**TASK DESCRIPTION**
Once the line containing "Aluminum telescoping wand" is found in the records below, return it and each following line exactly, up to and including the line containing "By Aditi Pai", and nothing else.

======== EXTRACTED RECORDS ========

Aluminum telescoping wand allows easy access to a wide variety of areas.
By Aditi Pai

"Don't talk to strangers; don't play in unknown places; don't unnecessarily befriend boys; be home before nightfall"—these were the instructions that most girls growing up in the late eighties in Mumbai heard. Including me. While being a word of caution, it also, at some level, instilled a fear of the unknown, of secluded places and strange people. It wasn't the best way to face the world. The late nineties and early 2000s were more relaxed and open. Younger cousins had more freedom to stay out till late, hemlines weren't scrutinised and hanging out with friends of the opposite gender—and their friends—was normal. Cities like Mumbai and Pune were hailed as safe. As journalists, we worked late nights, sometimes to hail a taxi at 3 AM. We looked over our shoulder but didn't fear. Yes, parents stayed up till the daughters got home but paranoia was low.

========
======== EXTRACTED RECORDS ========

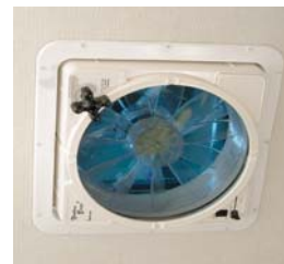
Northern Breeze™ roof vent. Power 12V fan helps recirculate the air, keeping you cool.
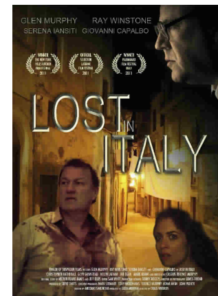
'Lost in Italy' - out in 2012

========

**THE ANSWER**
Aluminum telescoping wand allows easy access to a wide variety of areas.
By Aditi Pai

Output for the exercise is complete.